7. Quick Sort QuickSort

Description:
Quick sort is usually significantly higher than the same Ο (n log n) other algorithms faster, so frequently used, and fast row using a divide and conquer idea, so in many written interview can often see fast row shadow. Quick to grasp the importance of visible rows.

step:

1. Pick from a number of elements as the reference number of the column.
2. Partitioning process, than the reference number into the right side of the large, less than or equal to its number are placed on the left.
3. Then the second step to the left and right sections recursively until each section is only a number.

Sort presentation:

python achieve

def quick_sort(ary):
    return qsort(ary, 0, len(ary) - 1)


def qsort(ary, left, right):
    # 快排函数，ary为待排序数组，left为待排序的左边界，right为右边界
    if left >= right: return ary
    key = ary[left]  # 取最左边的为基准数
    lp = left  # 左指针
    rp = right  # 右指针
    while lp < rp:
        while ary[rp] >= key and lp < rp:
            rp -= 1
        while ary[lp] <= key and lp < rp:
            lp += 1
        ary[lp], ary[rp] = ary[rp], ary[lp]
    ary[left], ary[lp] = ary[lp], ary[left]
    qsort(ary, left, lp - 1)
    qsort(ary, rp + 1, right)
    return ary


ary = [13, 14, 94, 33, 82, 25, 59, 94, 65, 23, 45, 27, 73, 25, 39, 10]
quick_sort(ary)

8. heap sort HeapSort

Introduction:

Heapsort use more frequently in the top K in question. Heap sort is the use of a binary heap data structure to achieve, though still substantially one-dimensional array. Binary heap is approximately a complete binary tree.

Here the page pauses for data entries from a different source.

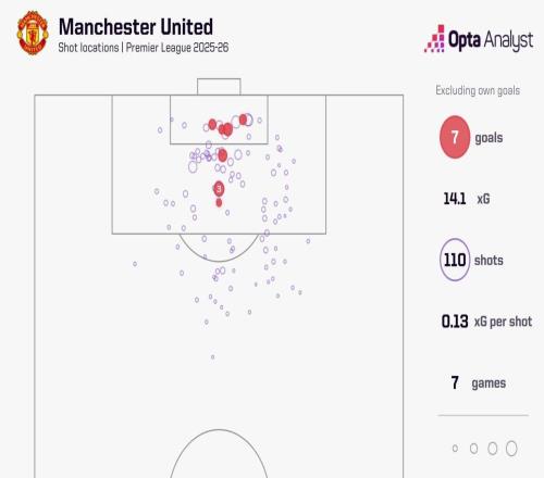 曼聯(lián)前7輪完成110次射門(mén)、創(chuàng)造14.1預(yù)期進(jìn)球,均高居英超第一
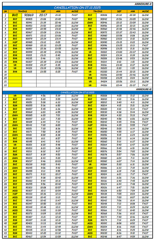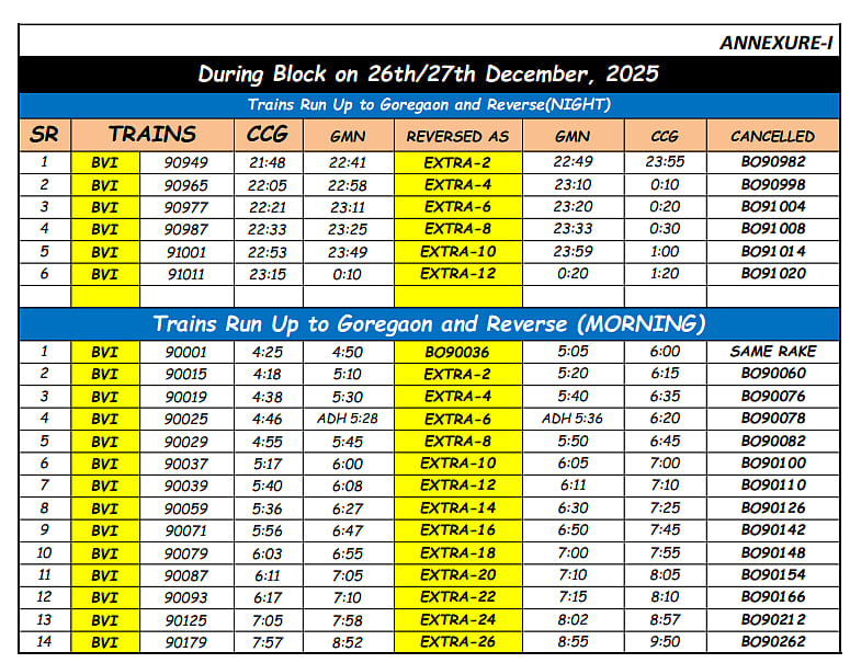 Mumbai, Dec 23: The cancellations are part of a 30-day traffic block that began on the night of December 20/21, 2025, and will continue until January 18, 2026. In addition to large-scale cancellations, several local trains will be short-terminated or reversed, with multiple Borivali-bound services operating only up to Goregaon.
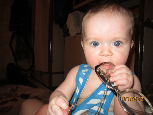 Ещё у нас вылез зуб (23.11.12), совершенно неожиданно я его обнаружила, просто решила заглянуть в ротик (интуиция???)))))), а сегодня (2.12.12) нашла второй
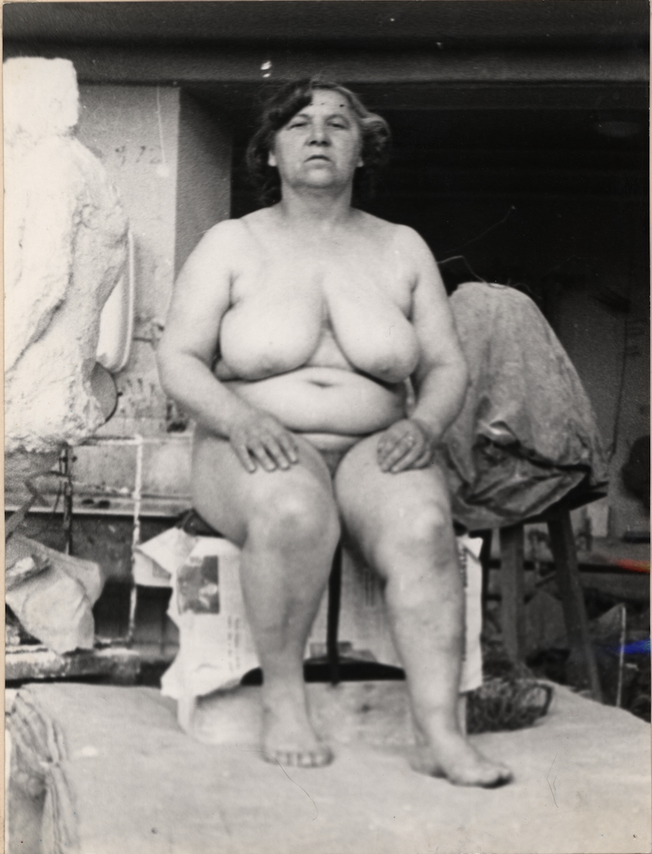 W fotografiach znajduje się jednak pewne zakłócenie, czy, sięgając do terminu Rolanda Barthesa, punctum46. Eufemia siedzi w pustej pracowni – nie widzimy studentów i studentek, których obecność warunkuje przecież jej pracę. Punctum odpowiada za dwoistość zdjęcia, przełamuje je, powoduje jego „ożywanie” pod spojrzeniem. Tak też dzieje się w przypadku tych fotografii. Pod wpływem łatwego do przeoczenia, a przecież oczywistego braku pomieszczenie nabiera widmowego charakteru, a nagość modelki, nieuzasadniona obecnością młodych artystów, wzbudza niepokój. Wytwarza się napięcie między sferą publiczną a intymną i niejasnym jest, do której należy przypisać nagie ciało Eufemii.
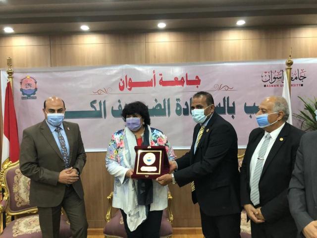 وزيرة الثقافة ومحافظ اسوان ورئيس جامعتها يفتتحون معرض الجامعة الأول للكتاب
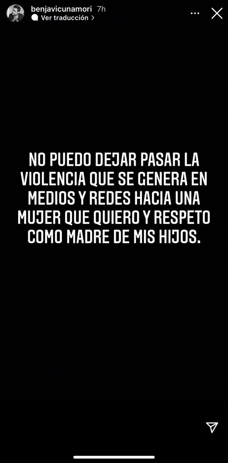 En medio de este escándalo, el actor le dio su respaldo a la madre de sus dos hijos menores través de las redes sociales para poner un manto de piedad. “No puedo dejar pasar la violencia que se genera en medios y redes hacia una mujer que quiero y respeto como madre de mis hijos”, escribió en un historia de su cuenta oficial de Instagram.
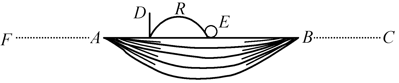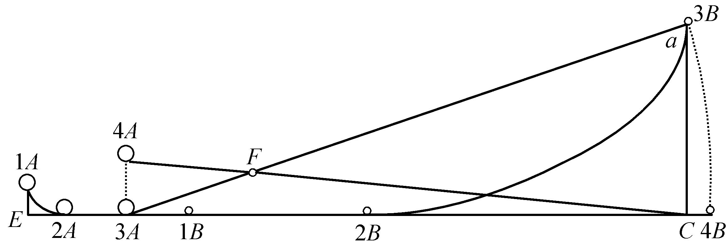 要证明这一点,我们只需要回到尤林的例子(第110节)。也就是说,驳船AB以等于1的速度自C向B运动。此外我们要设定,球体E沿着同样的方向,即沿着方向CB运动,但这是一种自由运动,利用的是活力,其速度等于2,因而这个球体仅仅以1个单位的速度与此处一根弹簧表现出来的、其力等于1的障碍R相遇;原因在于,就另一个单位的速度而言,它对于这个障碍来说并不以该单位运动,因为这一障碍同样有沿着同一方向的这种运动,从而物体在与这一障碍的关系中仅仅剩下1个单位的运动。但就1个单位的运动而言,力也仅仅等于1,所以球体是以等于1的力与同样只有1个单位的力的障碍相撞的,从而由于这个障碍而失去了它的这个单位的速度和力。在这种情况下,它仅仅剩下了1个单位的绝对运动,从而也只剩下了1个单位的力,可以再让另一个等于1的障碍来消除;因此,我们设定有一种活力、从而以2个单位的速度拥有4个单位的力的物体,将被两个障碍归于静止;这两个障碍中的每一个都只有1个单位的力,因而按照这种方式必须有2个单位在这个物体中自己消失,不需要被外部原因抵消或者克服。
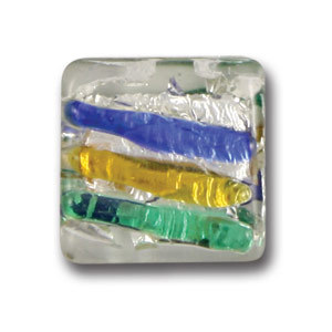 Bead, Japanese Sassoon Lampwork Glass, 24mm Flat Square bead with Silverfoil and Color Stripes – Green/Topaz/Blue (Hole Size 1.7mm)
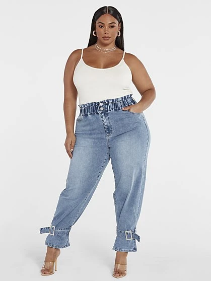 Casual and chic, these ultra high rise jeans have an elastic waist, double button closure and belt buckle detail at the ankles, which make these a standout. Still the same great stretch fabric and quality fit that FTF is known for, these jeans are a cute must-have, making them the perfect addition to any hot FTF Babe look. Pair with a bodysuit, blazer and stilettos for a gorgeous look.
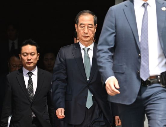 한덕수 대통령 권한대행 국무총리가 24일 국회 본회의에서 추가경정예산안 시정연설을 마친 뒤 국회를 떠나고 있다. 연합뉴스 |
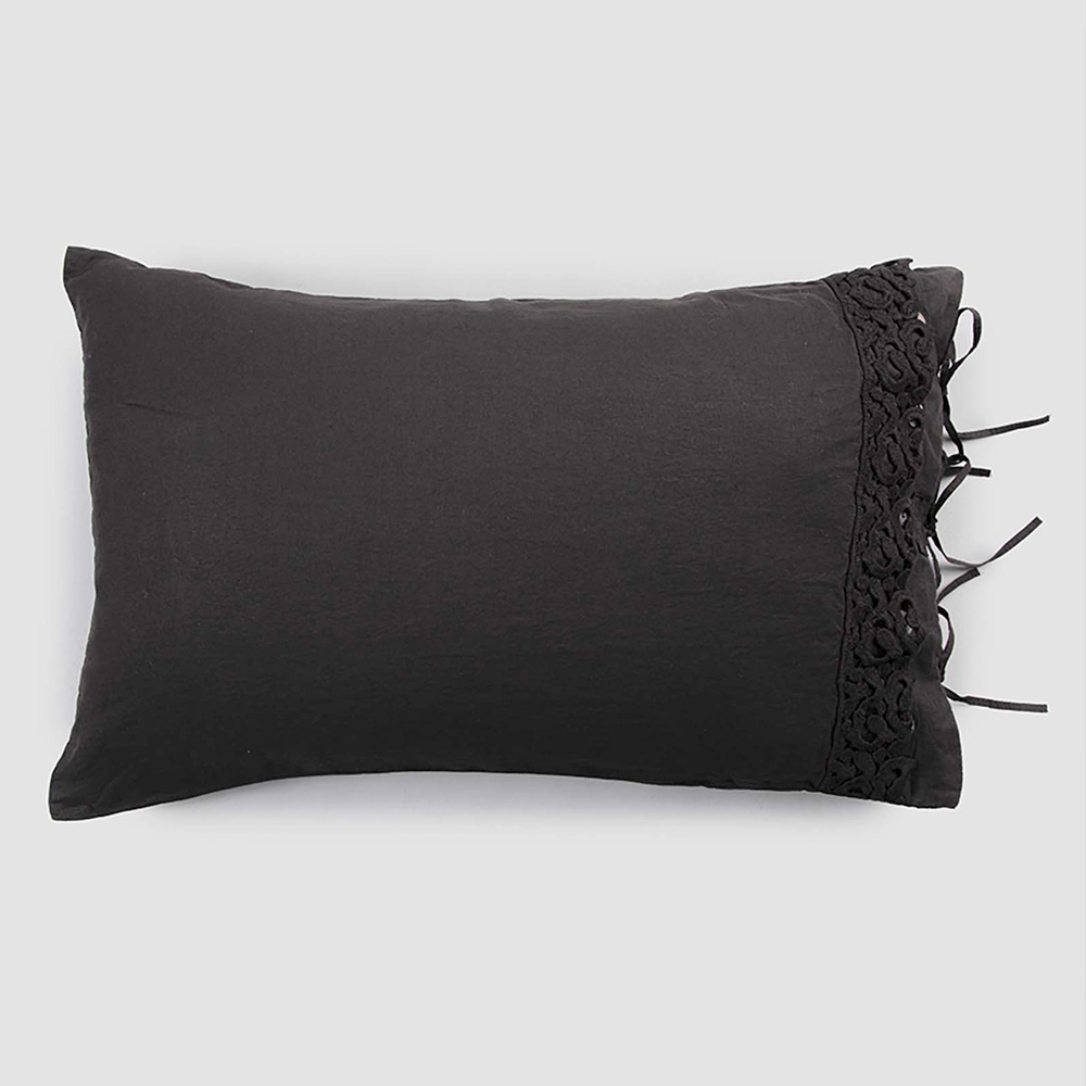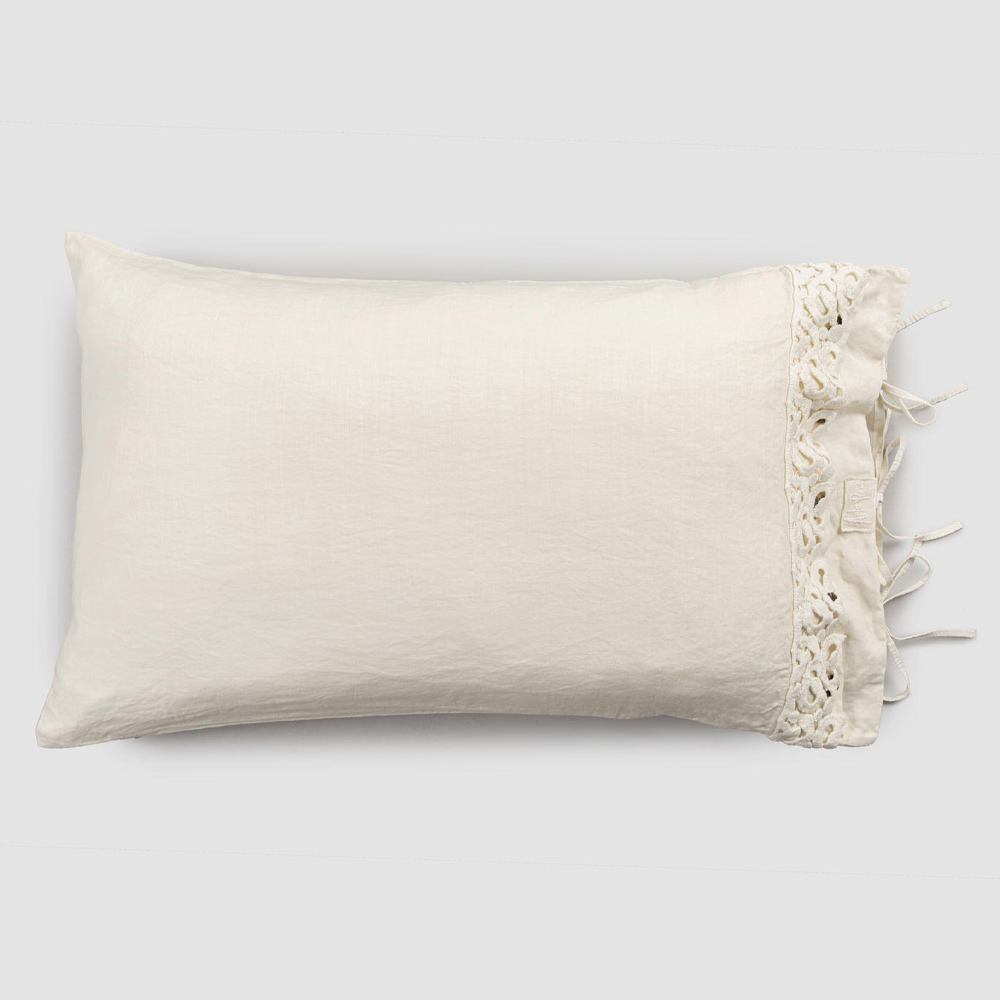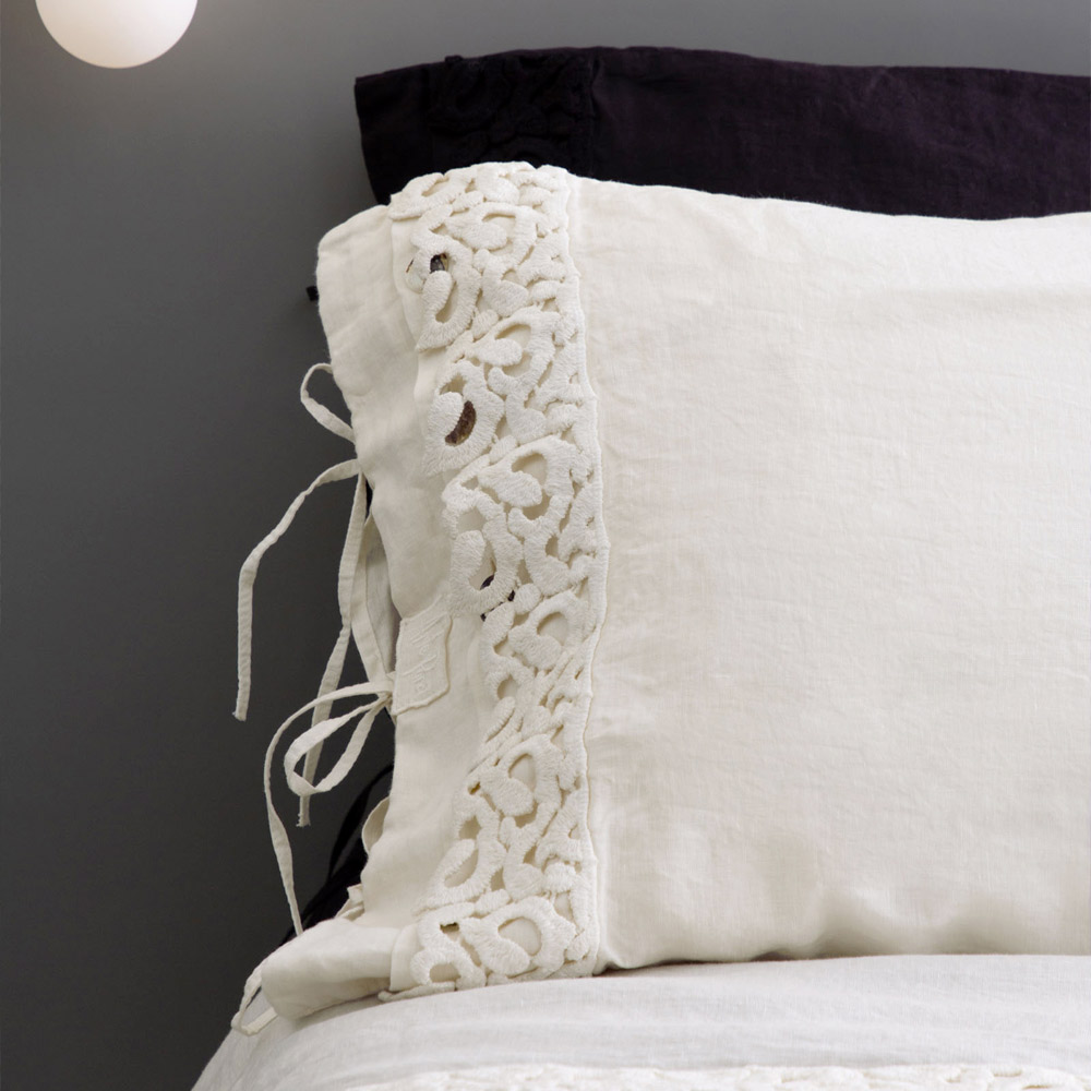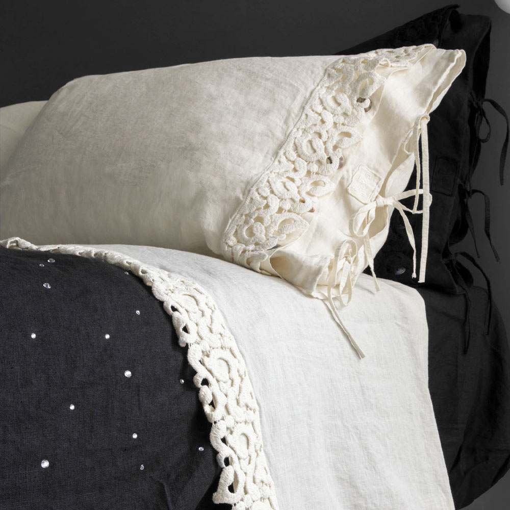 Funda de almohada de lino con encaje de Poema y cordones de mantequilla o negros Made in Italy - Masone
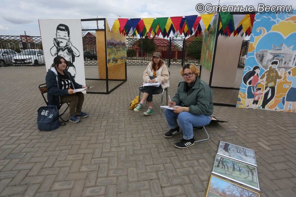 После экскурсии по юрте и залам музея жители и гости республики с удовольствием заходили в стилизованную кибитку-кафе. Там предлагали прохладительные напитки, горячий чай, выпечку, блюда национальной кухни. На территории этнохотона также установили арт-кубы с репродукциями картин знаменитых калмыцких художников. Их изготовили в 2021 году к 100-летию музея. В дни фестиваля в этом творческом уголке планируют проводить концерты, пленэры и другие мероприятия. На площадке уже поработали молодые художники Элисты. Они рисовали для всех желающих портреты и пейзажи города.
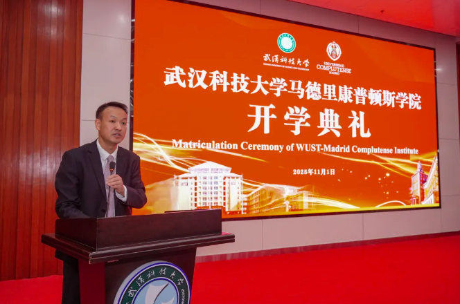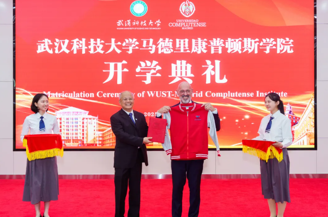 湖北省教育厅副厅长戴伟、武汉科技大学党委书记倪红卫、党委副书记、校长吕勇、西班牙马德里康普顿斯大学校长华金·戈亚契·戈尼等中西嘉宾出席典礼,典礼由武科大副校长董丽杰主持。

Binary heap has the following properties:

1. Key of the parent node is always greater than or equal to (less than or equal to) a key to any child nodes.
2. Right and left sub-tree of each node is a binary heap (heap is the maximum or minimum heap).

step:

1. The maximum stack configuration (Build_Max_Heap): If the array subscript range of 0 ~ n, taking into account the large root element is a single stack, from the index n/2element start are large root stack. So long from the n/2-1start, followed by a forward structure large root heap, so that we can ensure that, when built into a node, its left and right subtrees are already large root heap.
2. Heap sort (HeapSort): Since the pile array is simulated. After obtaining a large root heap, the internal array is not orderly. So we need to stack an array of ordering. The idea is to remove the root node, and make adjustments largest heap of recursive operations. The first time heap[0]with the heap[n-1]exchange, and then to heap[0...n-2]do the maximum heap adjustment. The second will be heap[0]the heap[n-2]exchange, and then to heap[0...n-3]do the maximum heap adjustment. This operation is repeated until heap[0]and heap[1]exchange. Because every time the maximum number of ordered incorporated into the back section, so that after operation of the entire array is ordered.
3. Maximum adjustment stack (Max_Heapify): This method is to provide the above-described two procedure calls. The aim is to end the child node heap adjusted, so that the child node is always less than the parent node.

Sort presentation:

python achieve

def heap_sort(ary):
    n = len(ary)
    first = int(n / 2 - 1)  # 最后一个非叶子节点
    for start in range(first, -1, -1):  # 构造大根堆
        max_heapify(ary, start, n - 1)
    for end in range(n - 1, 0, -1):  # 堆排，将大根堆转换成有序数组
        ary[end], ary[0] = ary[0], ary[end]
        max_heapify(ary, 0, end - 1)
    return print(ary)


# 最大堆调整：将堆的末端子节点作调整，使得子节点永远小于父节点
# start为当前需要调整最大堆的位置，end为调整边界
def max_heapify(ary, start, end):
    root = start
    while True:
        child = root * 2 + 1  # 调整节点的子节点
        if child > end: break
        if child + 1 <= end and ary[child] < ary[child + 1]:
            child = child + 1  # 取较大的子节点
        if ary[root] < ary[child]:  # 较大的子节点成为父节点
            ary[root], ary[child] = ary[child], ary[root]  # 交换
            root = child
        else:
            break


ary = [13, 14, 94, 33, 82, 25, 59, 94, 65, 23, 45, 27, 73, 25, 39, 10]
heap_sort(ary)

Seven kinds of sorting algorithm performance comparison

Here are seven classical sorting algorithm comparison of indicators:

• If the column to be sorted basic order, please use a simple algorithm, do not use complex algorithms to improve.
• Merge sort and quick sort, although high performance, but requires more auxiliary space. In fact, it is to use space for time.
• The fewer number of elements to be sorted column, suitable for the more simple method of sorting; the greater the number of elements more suitable for an improved sorting algorithm.
• Simple selection sort, although not on time performance, but it is in space utilization is high on performance. Particularly suitable, those little amount of data, sorting data and information each more of a class of elements.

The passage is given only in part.